START DATA FOR ANALYSIS
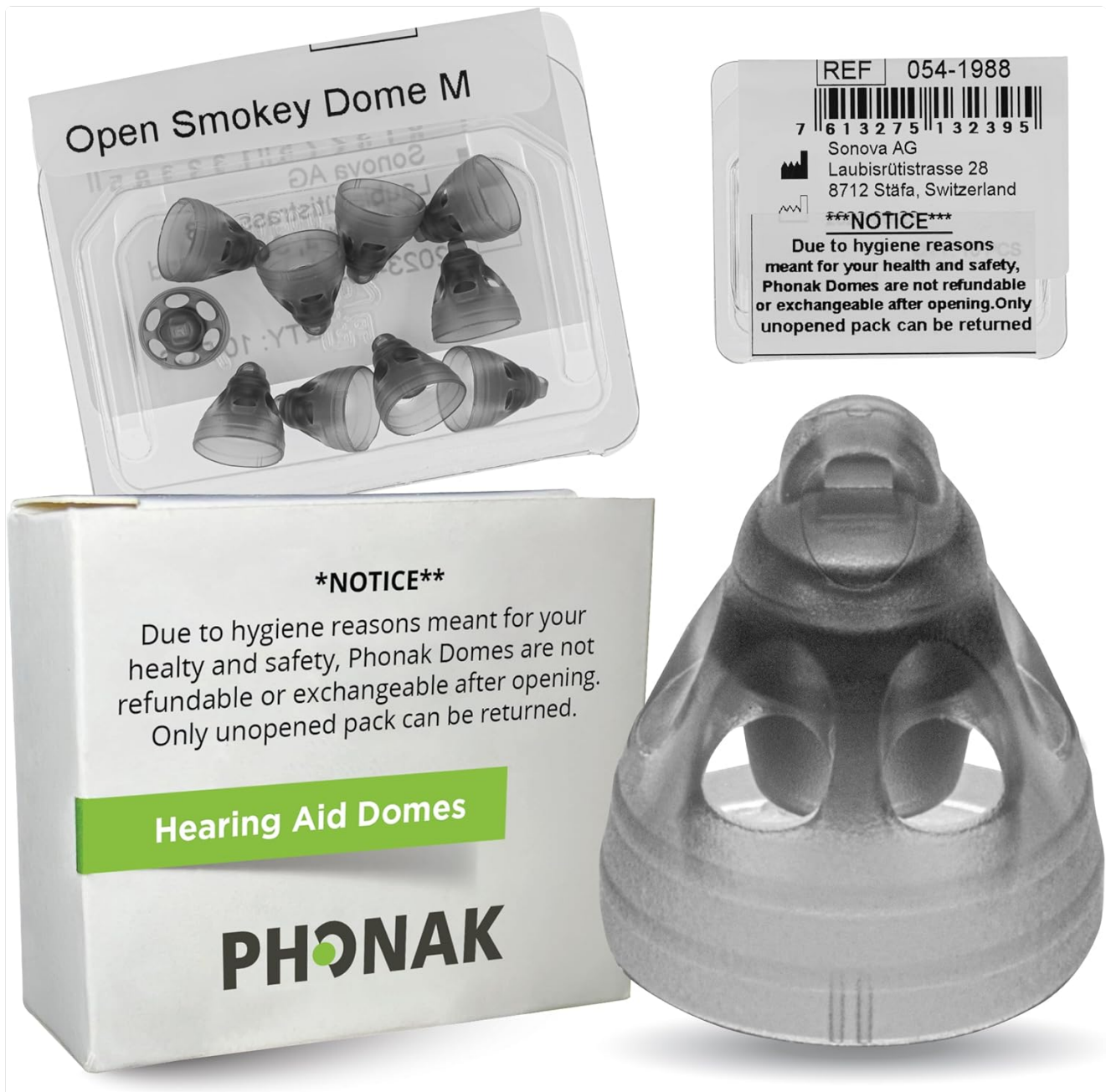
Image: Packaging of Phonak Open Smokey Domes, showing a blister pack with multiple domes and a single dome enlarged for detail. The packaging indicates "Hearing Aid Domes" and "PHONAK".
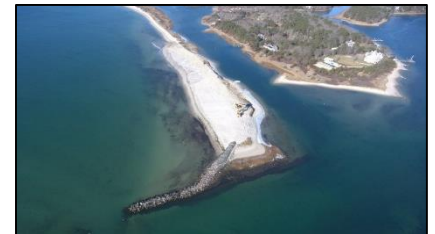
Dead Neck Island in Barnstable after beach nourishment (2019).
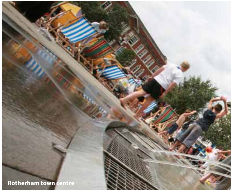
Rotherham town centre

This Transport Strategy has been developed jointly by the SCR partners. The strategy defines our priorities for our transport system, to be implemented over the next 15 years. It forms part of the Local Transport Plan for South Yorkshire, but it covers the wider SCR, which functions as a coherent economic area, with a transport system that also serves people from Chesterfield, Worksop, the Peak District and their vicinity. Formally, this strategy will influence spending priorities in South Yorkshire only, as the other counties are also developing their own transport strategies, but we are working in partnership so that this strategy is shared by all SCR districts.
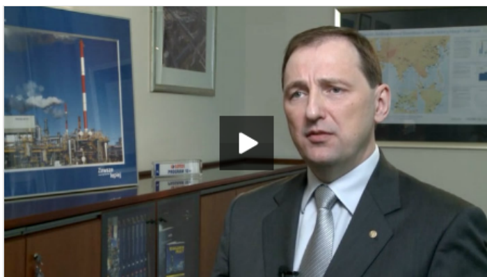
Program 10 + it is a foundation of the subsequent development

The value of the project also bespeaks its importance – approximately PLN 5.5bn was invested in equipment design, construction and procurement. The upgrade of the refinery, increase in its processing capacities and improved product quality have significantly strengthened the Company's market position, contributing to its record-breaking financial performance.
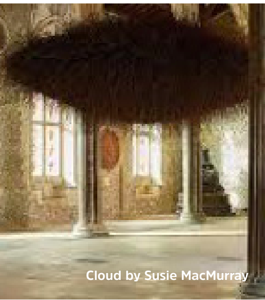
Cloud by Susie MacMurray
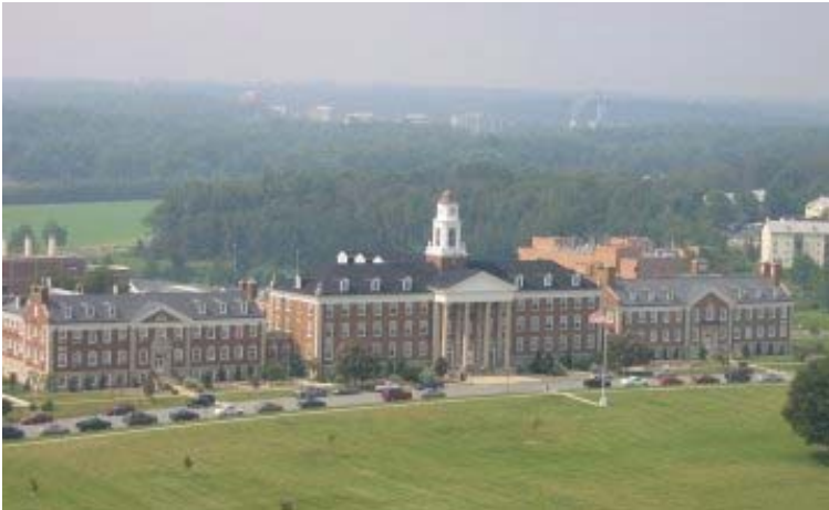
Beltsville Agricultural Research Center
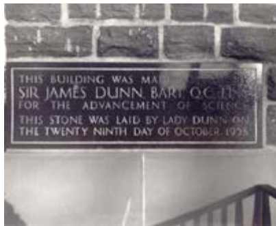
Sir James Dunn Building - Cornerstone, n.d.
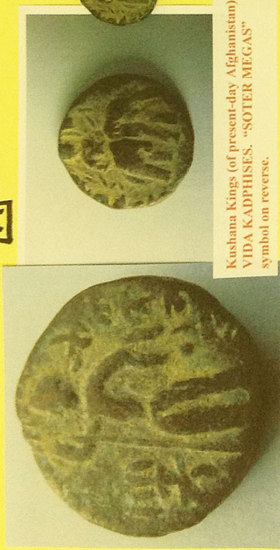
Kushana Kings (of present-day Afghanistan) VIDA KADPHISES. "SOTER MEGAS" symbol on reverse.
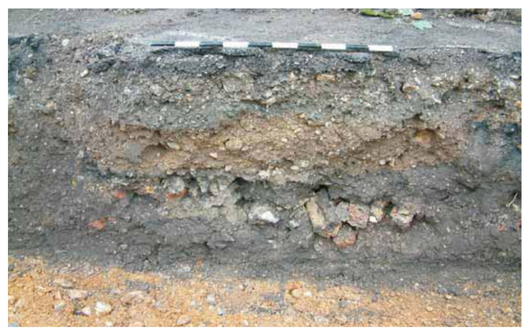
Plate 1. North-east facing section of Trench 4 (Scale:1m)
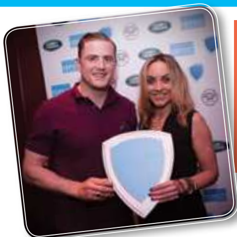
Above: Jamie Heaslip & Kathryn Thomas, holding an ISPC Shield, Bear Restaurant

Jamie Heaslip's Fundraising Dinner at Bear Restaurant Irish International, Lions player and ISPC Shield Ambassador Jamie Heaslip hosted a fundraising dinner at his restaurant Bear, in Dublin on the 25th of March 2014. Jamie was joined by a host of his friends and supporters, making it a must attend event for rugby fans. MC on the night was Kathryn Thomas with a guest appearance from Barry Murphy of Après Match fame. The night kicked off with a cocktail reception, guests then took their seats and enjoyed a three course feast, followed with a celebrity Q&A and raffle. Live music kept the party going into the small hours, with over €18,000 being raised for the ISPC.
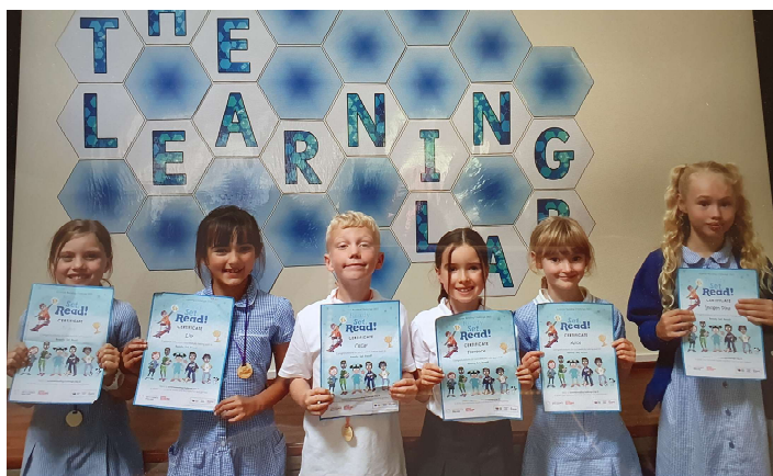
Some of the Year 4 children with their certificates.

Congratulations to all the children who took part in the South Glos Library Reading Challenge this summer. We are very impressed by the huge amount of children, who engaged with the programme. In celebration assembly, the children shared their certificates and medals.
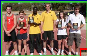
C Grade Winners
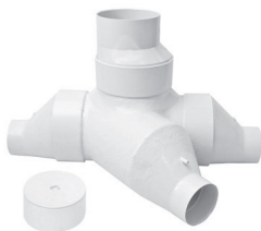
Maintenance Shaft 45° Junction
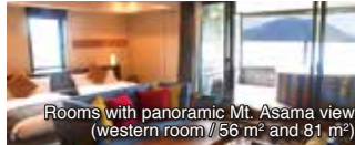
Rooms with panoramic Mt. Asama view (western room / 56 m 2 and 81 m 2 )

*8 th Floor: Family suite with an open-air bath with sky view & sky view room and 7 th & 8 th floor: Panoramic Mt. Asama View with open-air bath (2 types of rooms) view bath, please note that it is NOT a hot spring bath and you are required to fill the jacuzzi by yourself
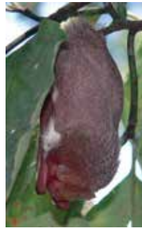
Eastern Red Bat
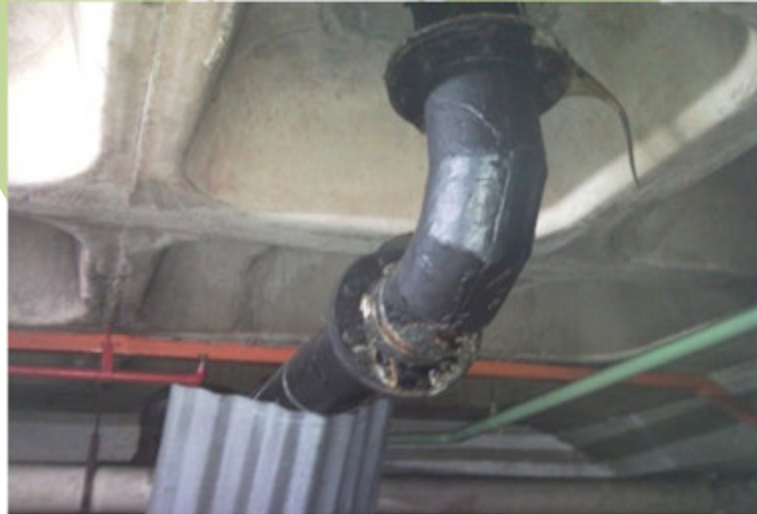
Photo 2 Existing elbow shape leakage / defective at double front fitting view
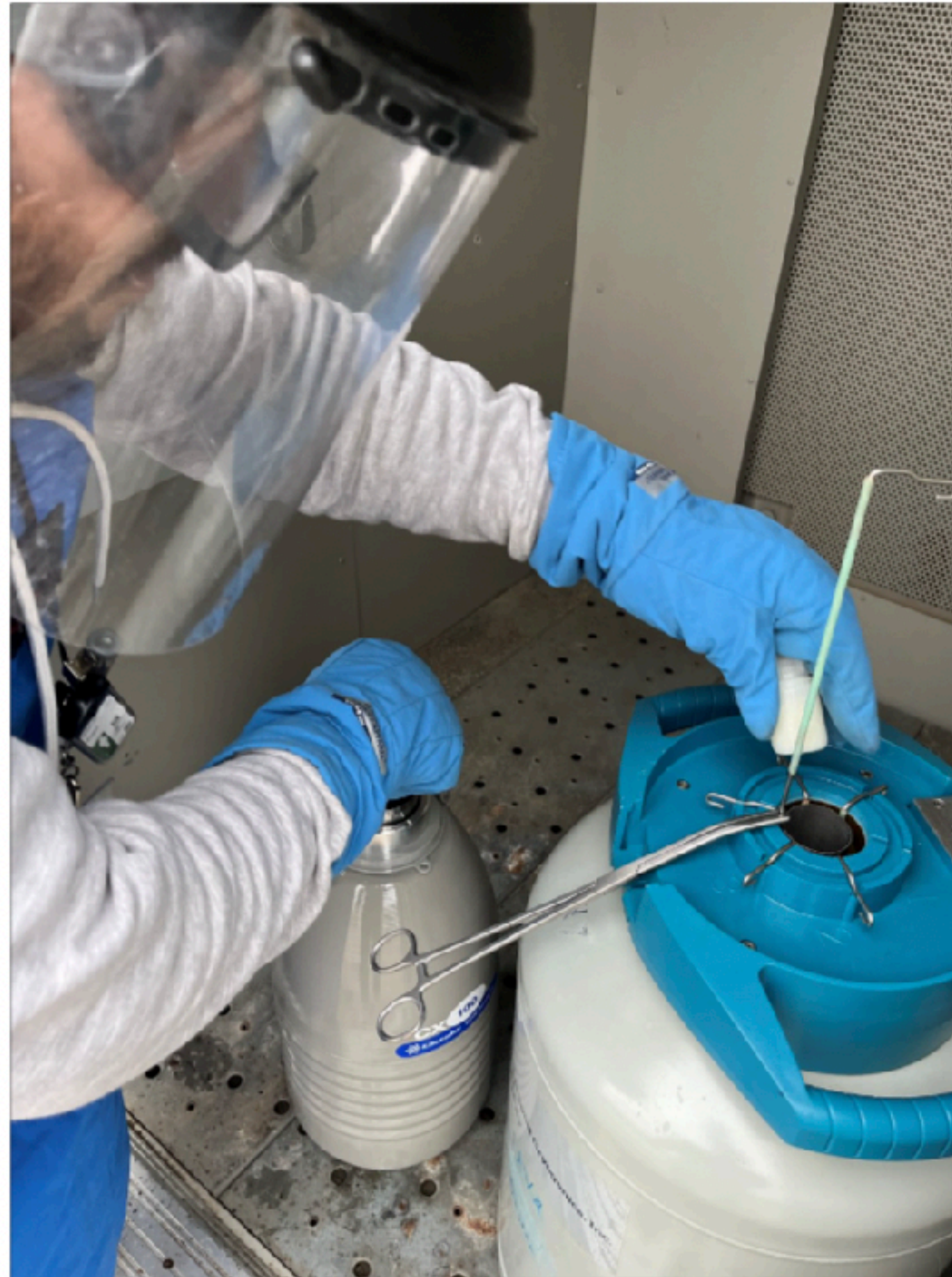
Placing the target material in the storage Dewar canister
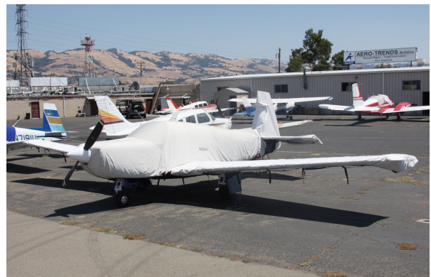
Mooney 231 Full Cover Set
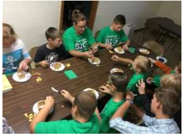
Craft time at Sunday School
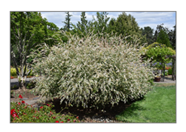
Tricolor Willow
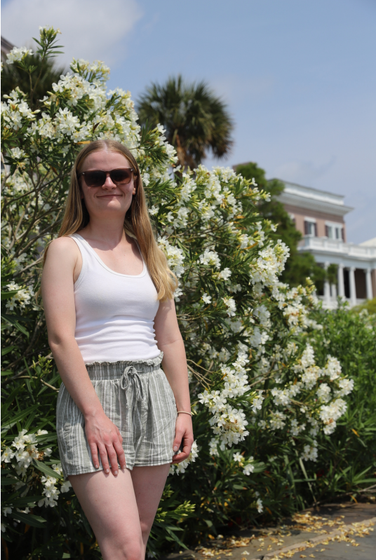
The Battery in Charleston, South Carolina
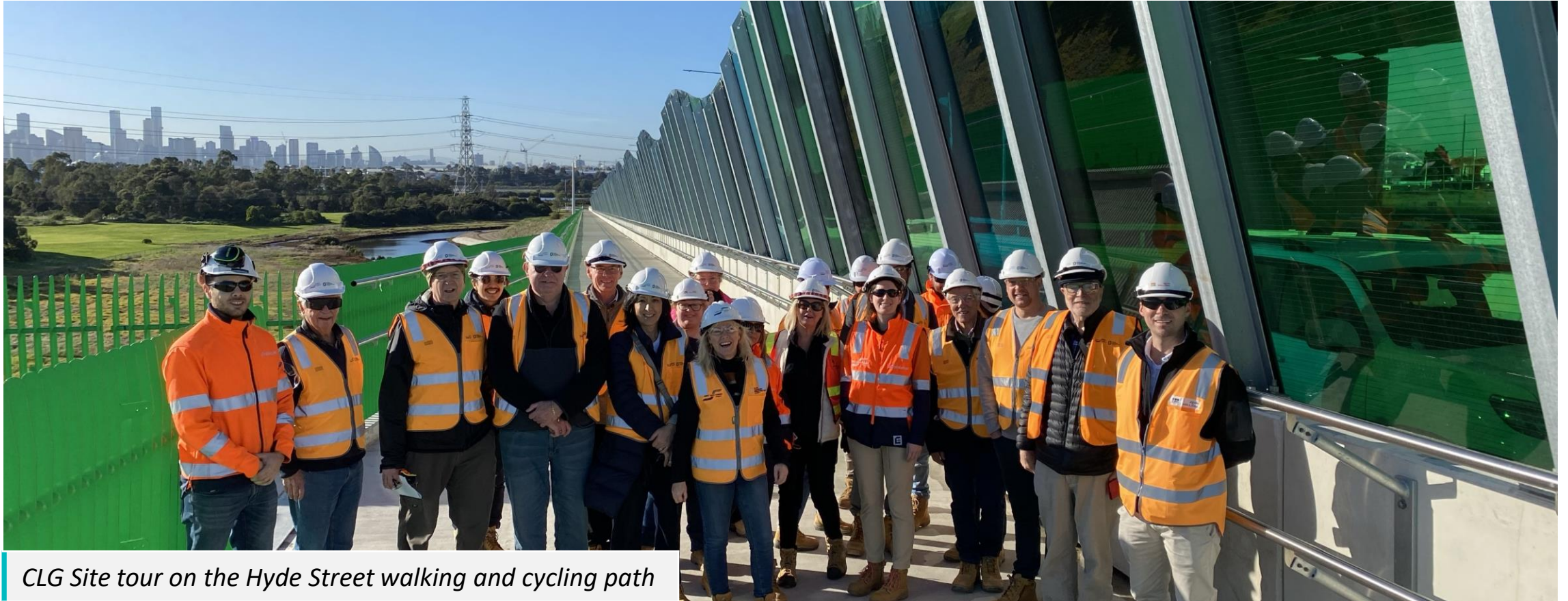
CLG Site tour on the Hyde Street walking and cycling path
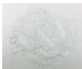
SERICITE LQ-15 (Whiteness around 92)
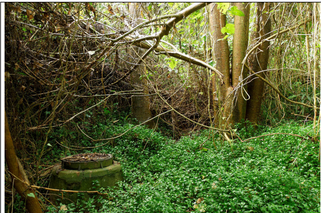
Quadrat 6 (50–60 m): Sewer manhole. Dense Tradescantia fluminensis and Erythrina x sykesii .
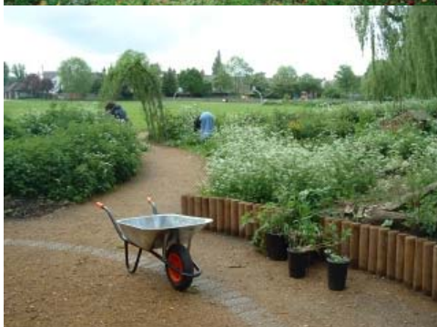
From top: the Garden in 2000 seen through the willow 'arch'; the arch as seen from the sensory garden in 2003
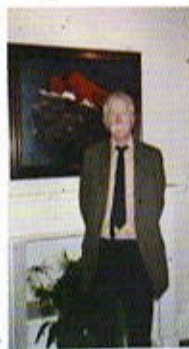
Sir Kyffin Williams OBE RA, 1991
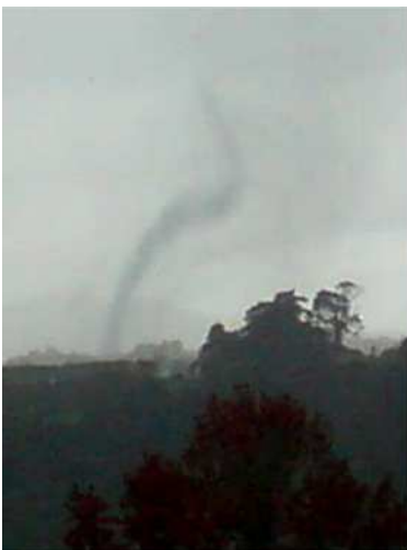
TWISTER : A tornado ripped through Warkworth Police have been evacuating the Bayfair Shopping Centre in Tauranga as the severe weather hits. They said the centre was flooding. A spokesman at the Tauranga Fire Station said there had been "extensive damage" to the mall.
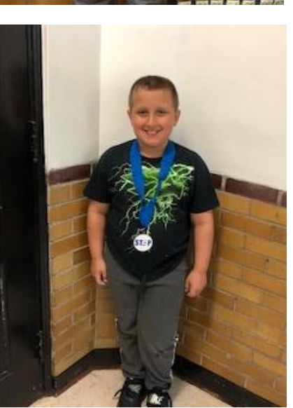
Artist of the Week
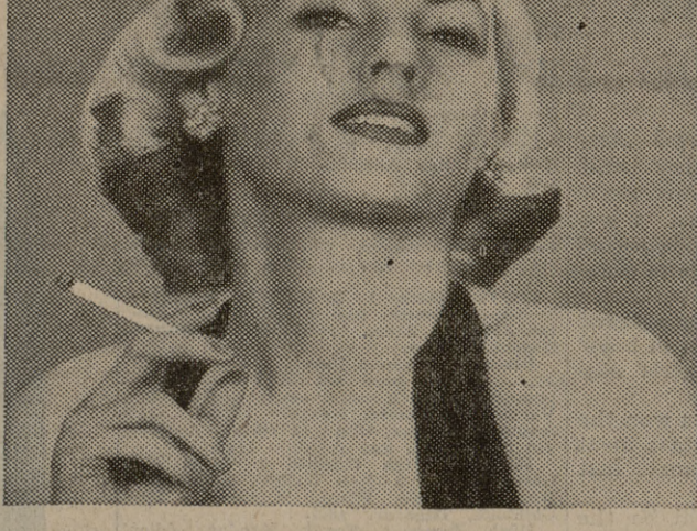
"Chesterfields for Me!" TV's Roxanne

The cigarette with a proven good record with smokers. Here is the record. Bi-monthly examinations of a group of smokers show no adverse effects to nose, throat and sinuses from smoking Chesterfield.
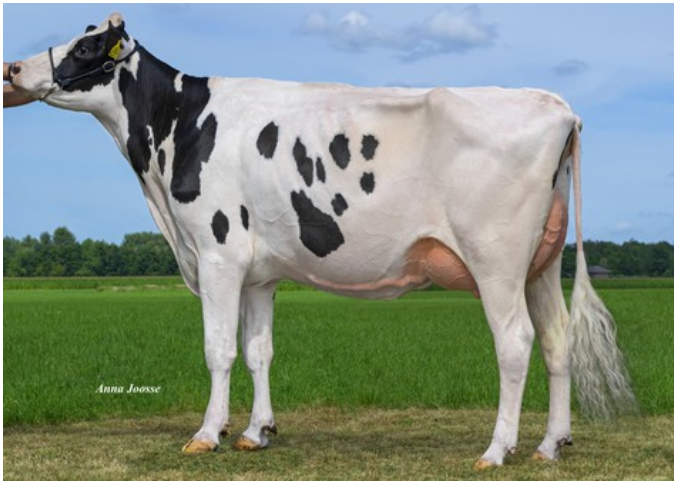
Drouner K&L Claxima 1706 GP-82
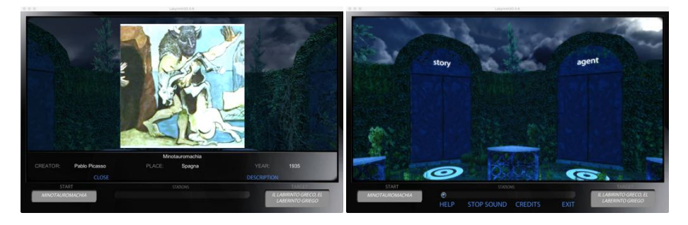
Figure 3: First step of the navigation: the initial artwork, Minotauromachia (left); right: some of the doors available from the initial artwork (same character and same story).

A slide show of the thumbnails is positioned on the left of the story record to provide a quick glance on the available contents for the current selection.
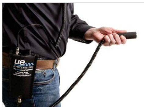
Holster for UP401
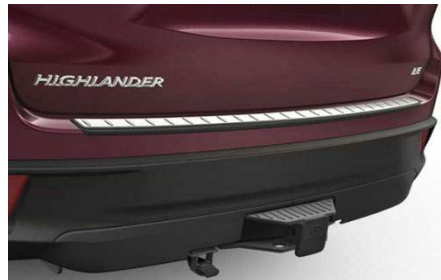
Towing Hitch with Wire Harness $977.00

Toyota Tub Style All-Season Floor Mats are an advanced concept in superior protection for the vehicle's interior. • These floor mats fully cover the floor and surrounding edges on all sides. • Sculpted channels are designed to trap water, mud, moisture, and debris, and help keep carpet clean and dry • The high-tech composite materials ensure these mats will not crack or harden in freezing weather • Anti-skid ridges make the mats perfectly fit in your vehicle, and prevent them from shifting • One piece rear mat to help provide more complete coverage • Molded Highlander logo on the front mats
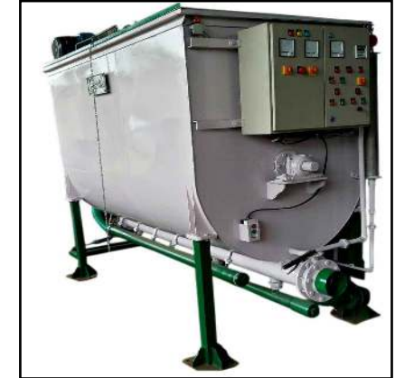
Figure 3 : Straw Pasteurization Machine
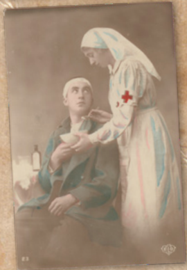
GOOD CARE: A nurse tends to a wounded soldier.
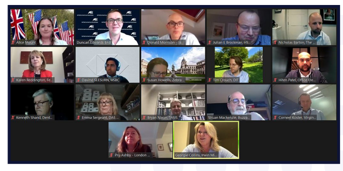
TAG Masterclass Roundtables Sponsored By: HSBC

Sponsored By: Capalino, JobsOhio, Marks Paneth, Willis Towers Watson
END DATA FOR ANALYSIS
Take the line that contains "A slide show" and all lines after it to the end of the material above, and copy them verbatim without any images.

A slide show of the thumbnails is positioned on the left of the story record to provide a quick glance on the available contents for the current selection.
Holster for UP401
Towing Hitch with Wire Harness $977.00

Toyota Tub Style All-Season Floor Mats are an advanced concept in superior protection for the vehicle's interior. • These floor mats fully cover the floor and surrounding edges on all sides. • Sculpted channels are designed to trap water, mud, moisture, and debris, and help keep carpet clean and dry • The high-tech composite materials ensure these mats will not crack or harden in freezing weather • Anti-skid ridges make the mats perfectly fit in your vehicle, and prevent them from shifting • One piece rear mat to help provide more complete coverage • Molded Highlander logo on the front mats
Figure 3 : Straw Pasteurization Machine
GOOD CARE: A nurse tends to a wounded soldier.
TAG Masterclass Roundtables Sponsored By: HSBC

Sponsored By: Capalino, JobsOhio, Marks Paneth, Willis Towers Watson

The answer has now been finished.